Unicode and UTF-8, UTF-16, UTF-32 encoding
Unicode is a character set, which specifies a mapping from characters to code points, and the character encodings (UTF-8, UTF-16, UTF-32) specify how to store the Unicode code points.
In Unicode, a character maps to a single code point, but it can have different representation depending on how it is encoded.
I don't want to rehash this discussion all over again, so if you are still not clear about this, please read The Absolute Minimum Every Software Developer Absolutely, Positively Must Know About Unicode and Character Sets (No Excuses!).
Using the example in the question,
maps to the code point U+210C1
, but it can be encoded as F0 A1 83 81
in UTF-8, D844 DCC1
in UTF-16 and 000210C1
in UTF-32.
To be precise, the example above shows how to map a code point to code units (character encoding form). How the code units are mapped to octet sequence is another matter. See Unicode encoding model
PCRE 8-bit, 16-bit and 32-bit library
Since PHP hasn't adopted PCRE2 yet (version 10.10), the quoted text are from the documentation of original PCRE.
Support for 16-bit and 32-bit library
PCRE includes support for 16-bit string in version 8.30 and 32-bit string from version 8.32, in additional to the default 8-bit library.
As well as support for 8-bit character strings, PCRE also supports 16-bit strings (from release 8.30) and 32-bit strings (from release 8.32), by means of two additional libraries. They can be built as well as, or instead of, the 8-bit library. [...]
Meaning of 8-bit, 16-bit, 32-bit
8-bit, 16-bit and 32-bit here refers to the data unit (code unit).
References to bytes and UTF-8 in this document should be read as references to 16-bit data units and UTF-16 when using the 16-bit library, or 32-bit data units and UTF-32 when using the 32-bit library, unless specified otherwise. More details of the specific differences for the 16-bit and 32-bit libraries are given in the pcre16 and pcre32 pages.
This means that 8-bit/16-bit/32-bit library expects the pattern and the input string to be sequences of 8-bit/16-bit/32-bit data units, or valid UTF-8/UTF-16/UTF-32 strings.
Different APIs for different width of data unit
PCRE provides 3 sets of identical API for 8-bit, 16-bit and 32-bit libraries, differentiated by the prefix (pcre_
, pcre16_
and pcre_32
respectively).
The 16-bit and 32-bit functions operate in the same way as their 8-bit counterparts; they just use different data types for their arguments and results, and their names start with pcre16_
or pcre32_
instead of pcre_
. For every option that has UTF8 in its name (for example, PCRE_UTF8
), there are corresponding 16-bit and 32-bit names with UTF8 replaced by UTF16 or UTF32, respectively. This facility is in fact just cosmetic; the 16-bit and 32-bit option names define the same bit values.

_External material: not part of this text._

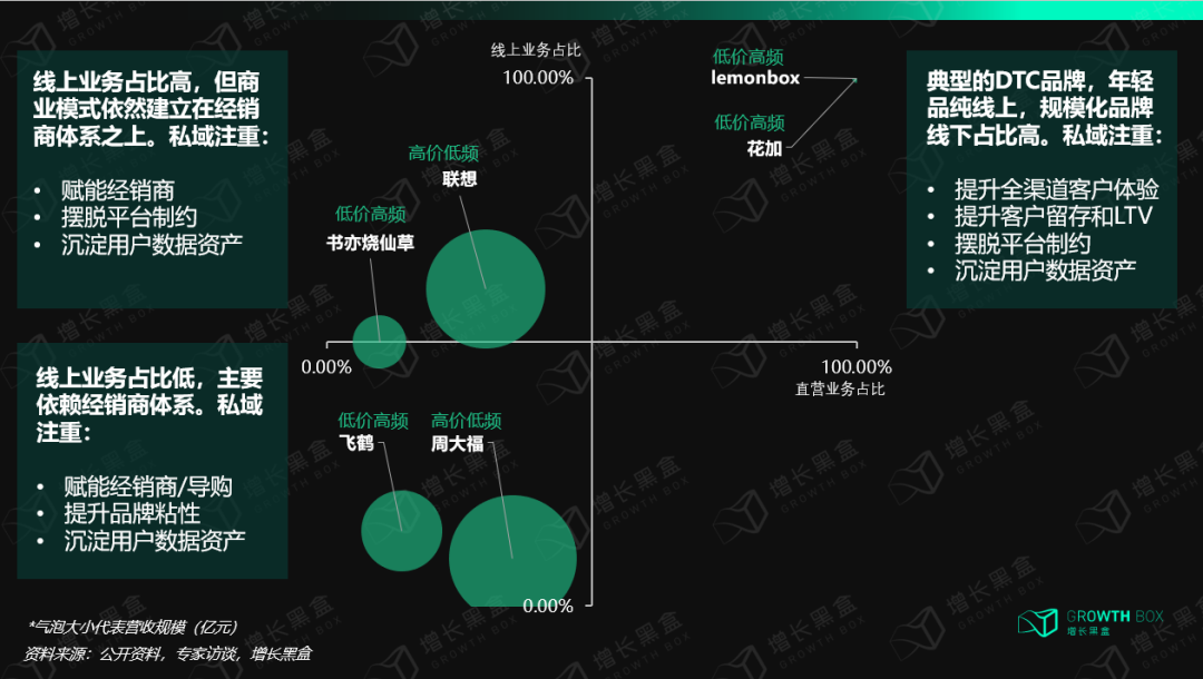 前段时间,腾讯智慧零售发布了《 T+ 品牌私域价值榜单》。腾讯智慧零售在过去四年里服务了近千家企业,成功验证大量可复制的私域业态模式,在长时间和品牌的私域业务合作中,总结私域增长的基础要素,形成“四力增长模型”,助力企业从内外部全面提升私域能力。而这次榜单的评选,正是基于四力增长模型,以整体私域经营状况及四力作为核心评审标准,对企业私域综合竞争力进行评估。四力增长模型包含组织力、商品力、运营力和产品力四大板块:● 组织力:保证私域运营高效运转和目标达成的能力,包括私域战略定位、资源调动、团队搭建等。● 商品力:衡量私域内商品竞争力与运营能力,包括商品的宽度、价格吸引力、爆款打造能力等。● 运营力:不同触点的流量获取和运营转化能力,包括导购、公众号、直播、社群运营、广告投放等。● 产品力:满足用户在私域内购物、享受服务体验的能力,包括小程序基础性能、用户体验、功能配置等。四力增长模型的提出,一方面帮助平台与品牌建立共同的语言,深化合作关系,产生私域建设的协同效应;另一方面为品牌建立快速自我诊断的标杆,衡量自身私域建设效果,牵引品牌在私域建设上精准发力。看到这里,你可能会和我们一样跃跃欲试,想通过四力模型改善一下自己的私域建设。那么,增长模型究竟应该怎样和自身的战略结合,实现有效、可持续的私域增长呢?要回答这个问题,就必须结合自身商业模式的特点,对私域增长的方式作出战略维度的规划和思考。因此,本文希望聚焦私域构建的底层逻辑,帮助品牌解答以下问题:我们从T+ 品牌私域价值榜单中选取了不同行业、不同业态的六大代表性品牌,通过对他们私域战略的拆解,分析不同业态下的品牌私域战略规划的底层逻辑、以及在战略落地过程中如何与原有的商业模式有机结合。先放出六个品牌的业务模式和私域模式总结,供大家先睹为快:根据我们的研究,品牌的私域战略通常受到以下几个维度的因素影响:● 业态是以线上还是线下为主,以及线上线下的占比;● 经营模式是直营还是加盟,以及直营加盟的占比、品牌与经销商之间的关系;对于不同特征的商业模式,私域的战略和模式有何特点,我们也做出了大致总结:这六大品牌的私域建设分别解决了哪些增长痛点?私域在品牌价值链中处于怎样的位置?品牌又是怎样借助四力模型做好私域的战略落地?我们将在具体的案例分析中为大家一一解答。第一部分,我们将介绍两个DTC品牌:花加和LemonBox。DTC品牌天然离用户更近,因此私域起盘快,有些品牌甚至原生于私域生态中,他们不需要处理复杂的经销商利益关系,私域战略可以从更整体的视角考量。借助平台的流量红利打造爆款,用内容种草建立一定的品牌认知,然后进行全品类的搭建、全平台的扩张,是近两年新零售品牌崛起的通用路径。在流量充足时,大量用户可供品牌免费获取、低价转化,但随着平台红利消退,增速放缓,公域中获取流量的成本不断上升,品牌为了竞争有限的公域流量出现 “内卷效应”,进一步提高了公域中的获客成本。我们的研究标的之一——花加,也曾经历过类似的轨迹。花加成立于2015年,是一个提供“线上订阅+产地直送+增值服务”的日常鲜花订阅品牌,也是这一模式的创造者。用户可以选择订阅周期、配送时间和鲜花类型,付款后,花加则会在订阅周期内定期将花材配送到家。根据周期和鲜花类型的不同,单束鲜花的均价约在25-100元之间。尽管鲜花市场仍是一个相对小众的市场,但订阅制的商业模式却有着广泛的应用空间。这一模式在早期需要依靠拉新形成一定规模,而更为长远的发展,则依赖于精细化运营带来的用户终生价值的提升,也就是需要稳定的留存率、复购率和消费升级。借助微信公众号的流量红利,花加的微信公众号平台一度积累了近千万粉丝。然而,2018年公众号流量红利达到拐点,花加公众号粉丝量在峰值后开始下跌,到目前稳定在600万左右。面对公众号用户的流失,花加选择的对策是加大其他平台的投放,淘内、小红书、抖音、B站、微博以及其他平台都有涉足,2020年后的投放又往抖音、快手等短视频平台倾斜,成为了一个追逐流量浪尖的弄潮儿。然而,一味地追逐流量,只会拉高整体运营成本,而新的红利往往意味着新的阵地,品牌不仅会面临“水土不服”的风险,也不利于建立连贯的用户心智。布局私域以平衡流量、成本和价值之间的关系,以更大的格局实现高质量的规模增长,已经成为必然的选择。2020年,在自身发展的需求和外部疫情的冲击下,花加开启了建设私域的战略。我们对任何事物和规律的认知都不是一蹴而就的,花加对与自身私域的定位也经历了不同阶段的探索。2020年下半年,公司对私域的初始定位是交易转化阵地。这段时间花加使用大量福利优惠将用户沉淀在公众号上,通过企业微信做活动push,一切运营动作的最终目的都是提高转化。然而,过于频繁的“硬广”损伤了用户体验,通过补贴提升的GMV也无异于饮鸩止渴。彼时花加已经充分认识到建设私域用户池的重要性,原本品牌的客群分布在不同的公域平台上,品牌常常受限于公域平台的规则和系统限制,无法对用户进行反复触达,也缺少对用户资产和交易数据的掌控权。因此,随后的半年是全域导流和用户沉淀的阶段。花加在用户确认收货后,通过

In PCRE2, a similar function naming convention is used, where 8-bit/16-bit/32-bit function has _8
, _16
, _32
suffix respectively. Applications which use only one code unit width can define PCRE2_CODE_UNIT_WIDTH
to use generic name of the function without the suffix.
UTF mode vs. non-UTF mode
When the UTF mode is set (via in-pattern options (*UTF)
, (*UTF8)
, (*UTF16)
, (*UTF32)
1 or compile options PCRE_UTF8
, PCRE_UTF16
, PCRE_UTF32
), all sequences of data units are interpreted as sequences of Unicode characters, which consist of all code points from U+0000 to U+10FFFF, except for surrogates and BOM.
1 The in-pattern options (*UTF8)
, (*UTF16)
, (*UTF32)
are only available in the corresponding library. You can't use (*UTF16)
in 8-bit library, nor any mismatched combination, since it simply doesn't make sense. (*UTF)
is available in all libraries, and provides a portable way to specify UTF mode in-pattern.
In UTF mode, the pattern (which is a sequence of data units) is interpreted and validated as a sequence of Unicode code points by decoding the sequence as UTF-8/UTF-16/UTF-32 data (depending on the API used), before it is compiled. The input string is also interpreted and optionally validated as a sequence of Unicode code points during the matching process. In this mode, a character class matches one valid Unicode code point.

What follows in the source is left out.